_WHAT YOU ARE ASKED TO DO_.
Please repeat every entry exactly as written, but skip the pictures.

[Data items]

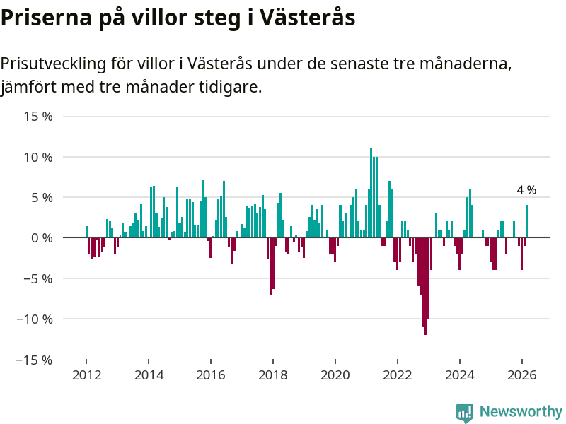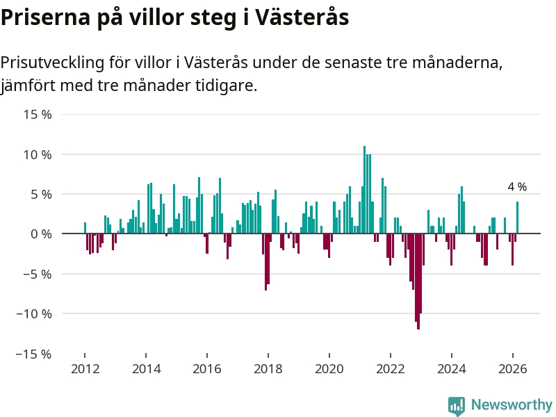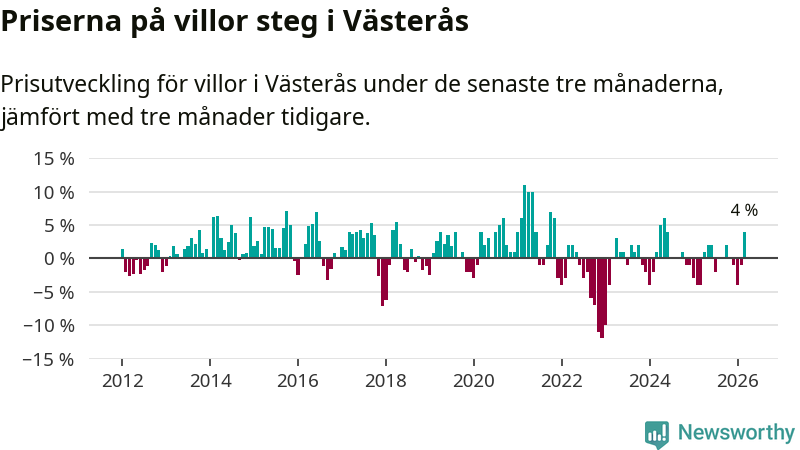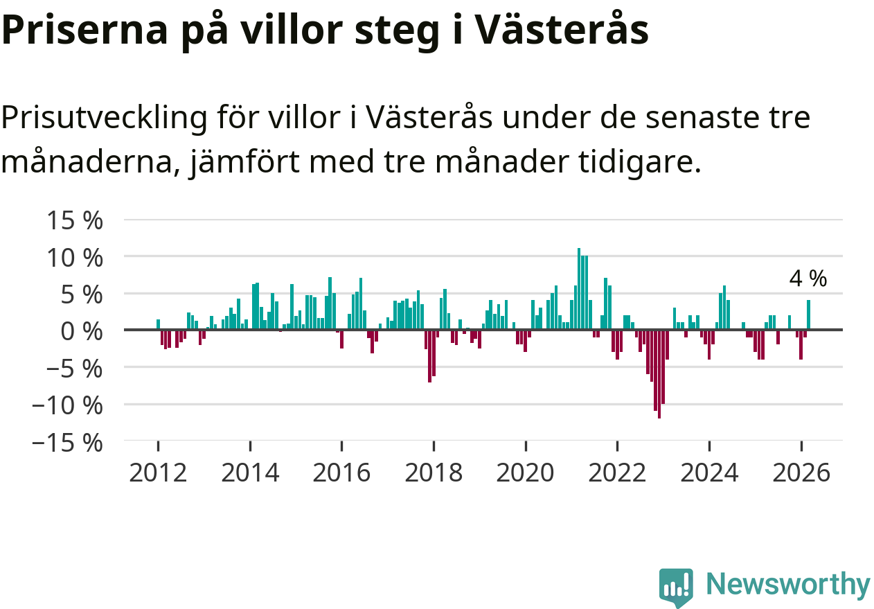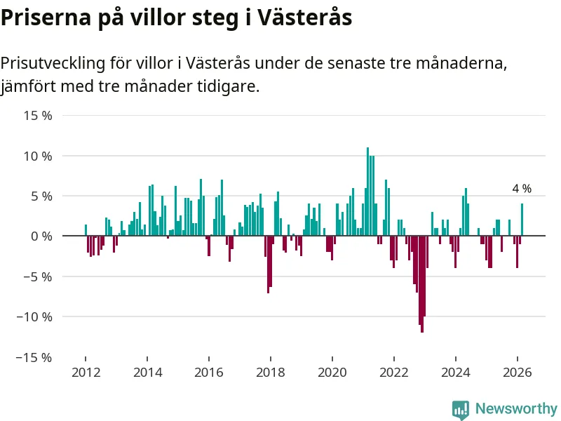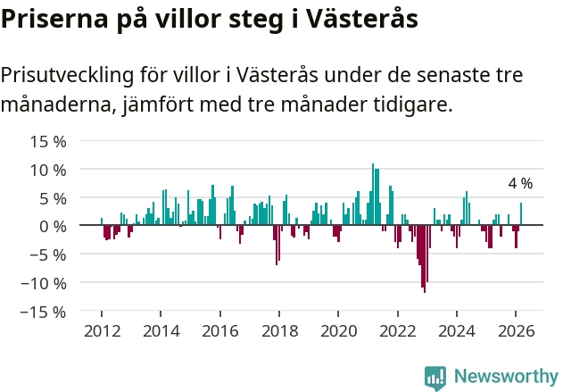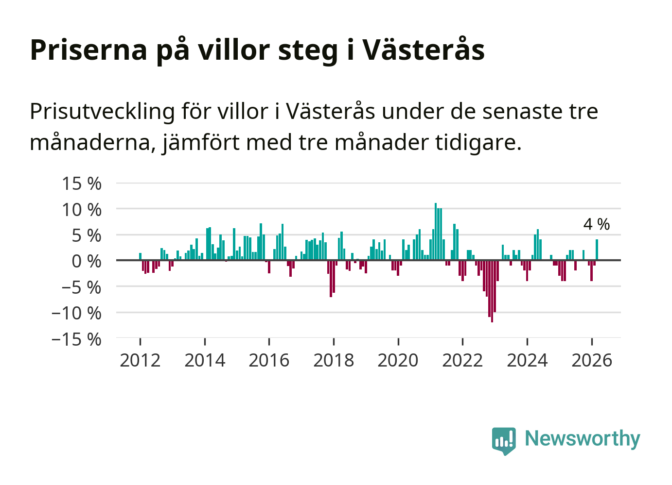 Villapriserna har gått upp i Västerås kommun. Medelpriset på försäljningarna under de senaste tre månaderna visar på en uppgång med 4 procent.
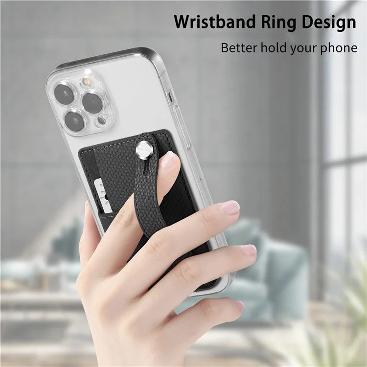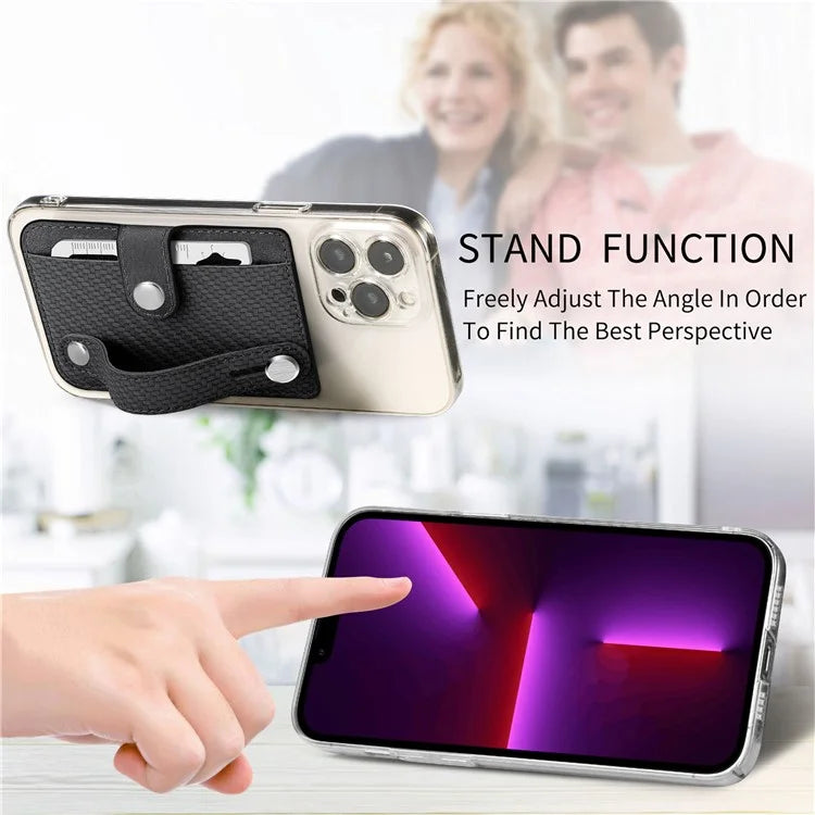 The TASX Carbon Fiber Phone Card Holder combines functionality and style in a compact design. Crafted from premium PU leather with a sleek carbon fiber texture, this holder is as durable as it is stylish. It features integrated card slots to securely store your essentials, eliminating the need for a separate wallet. The strong double-sided adhesive ensures a reliable attachment to your phone. The versatile wristband doubles as a convenient kickstand for hands-free use, while the secure snap button keeps your cards and valuables safe. Plus, the multifunctional card knife adds a practical tool for everyday use.
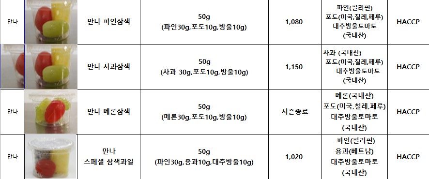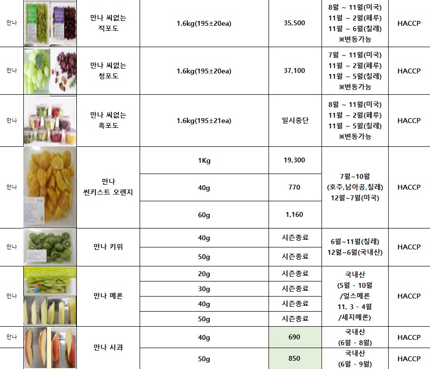 *** SFC푸드맘 만나 생과일 12월 단가표입니다***
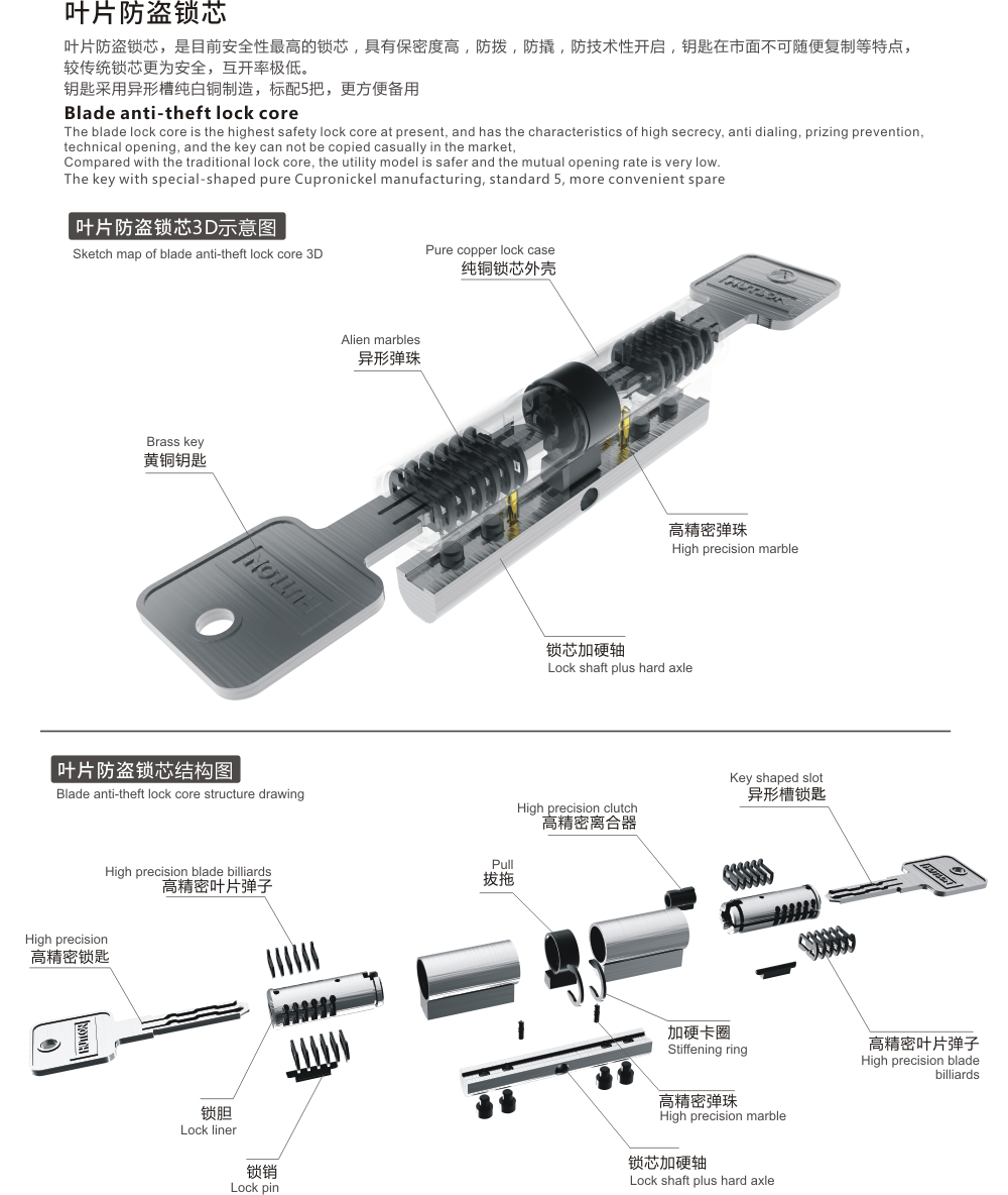 HD-T2-105P1K C級雙核多軌道空轉防盜鎖芯
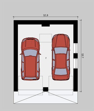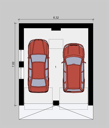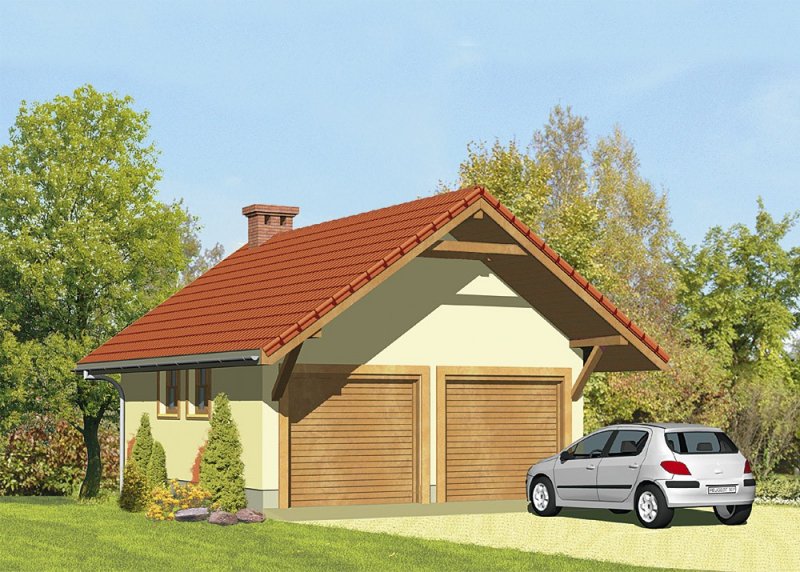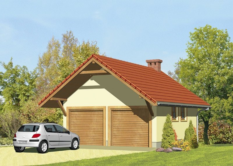 Garaż wolnostojący z dwoma miejscami parkingowymi.
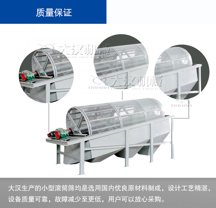 小型滾筒篩多少錢(qián)?大漢公司為您報(bào)價(jià),大漢滾筒篩新價(jià)格:8000元—54000元。購(gòu)買(mǎi)小型滾筒篩哪里實(shí)惠,還是建議您來(lái)新鄉(xiāng)大漢,主要原因如下:
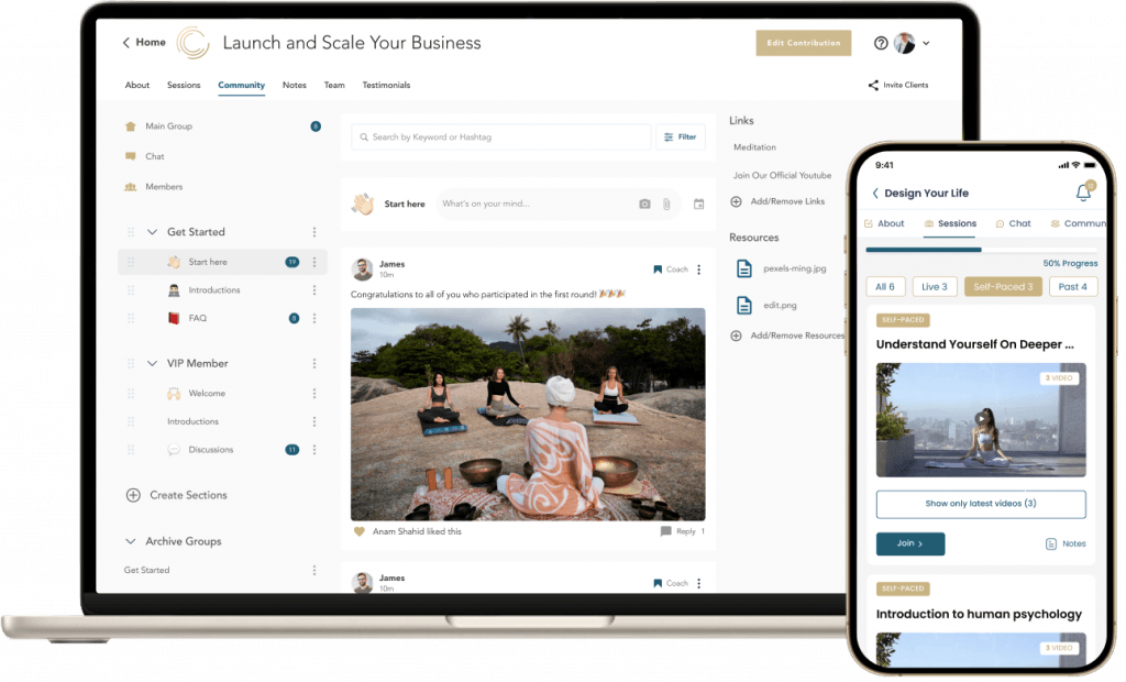 Launch and scale online group programs with live video, self-paced content and a thriving community in 5 simple steps.
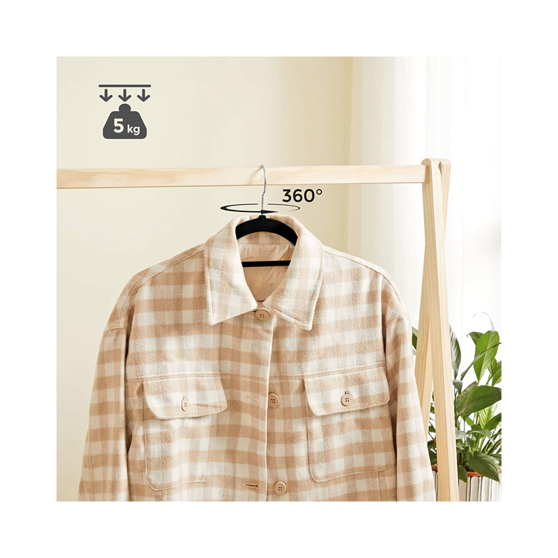 Το σετ, από την εταιρία Songmics, αποτελείται από 50 βελούδινες κρεμάστρες, ώστε να αποφεύγεται η ολίσθηση των ρούχων. Διαθέτουν μεταλλικά άγκιστρα, ανθεκτικά στη σκουριά και στη διάβρωση, τα οποία περιστρέφονται κατά 360°, για μεγαλύτερη ευκολία.

_RESULT_.
 Villapriserna har gått upp i Västerås kommun. Medelpriset på försäljningarna under de senaste tre månaderna visar på en uppgång med 4 procent.
 The TASX Carbon Fiber Phone Card Holder combines functionality and style in a compact design. Crafted from premium PU leather with a sleek carbon fiber texture, this holder is as durable as it is stylish. It features integrated card slots to securely store your essentials, eliminating the need for a separate wallet. The strong double-sided adhesive ensures a reliable attachment to your phone. The versatile wristband doubles as a convenient kickstand for hands-free use, while the secure snap button keeps your cards and valuables safe. Plus, the multifunctional card knife adds a practical tool for everyday use.
 *** SFC푸드맘 만나 생과일 12월 단가표입니다***
 HD-T2-105P1K C級雙核多軌道空轉防盜鎖芯
 Garaż wolnostojący z dwoma miejscami parkingowymi.
 小型滾筒篩多少錢(qián)?大漢公司為您報(bào)價(jià),大漢滾筒篩新價(jià)格:8000元—54000元。購(gòu)買(mǎi)小型滾筒篩哪里實(shí)惠,還是建議您來(lái)新鄉(xiāng)大漢,主要原因如下:
 Launch and scale online group programs with live video, self-paced content and a thriving community in 5 simple steps.
 Το σετ, από την εταιρία Songmics, αποτελείται από 50 βελούδινες κρεμάστρες, ώστε να αποφεύγεται η ολίσθηση των ρούχων. Διαθέτουν μεταλλικά άγκιστρα, ανθεκτικά στη σκουριά και στη διάβρωση, τα οποία περιστρέφονται κατά 360°, για μεγαλύτερη ευκολία.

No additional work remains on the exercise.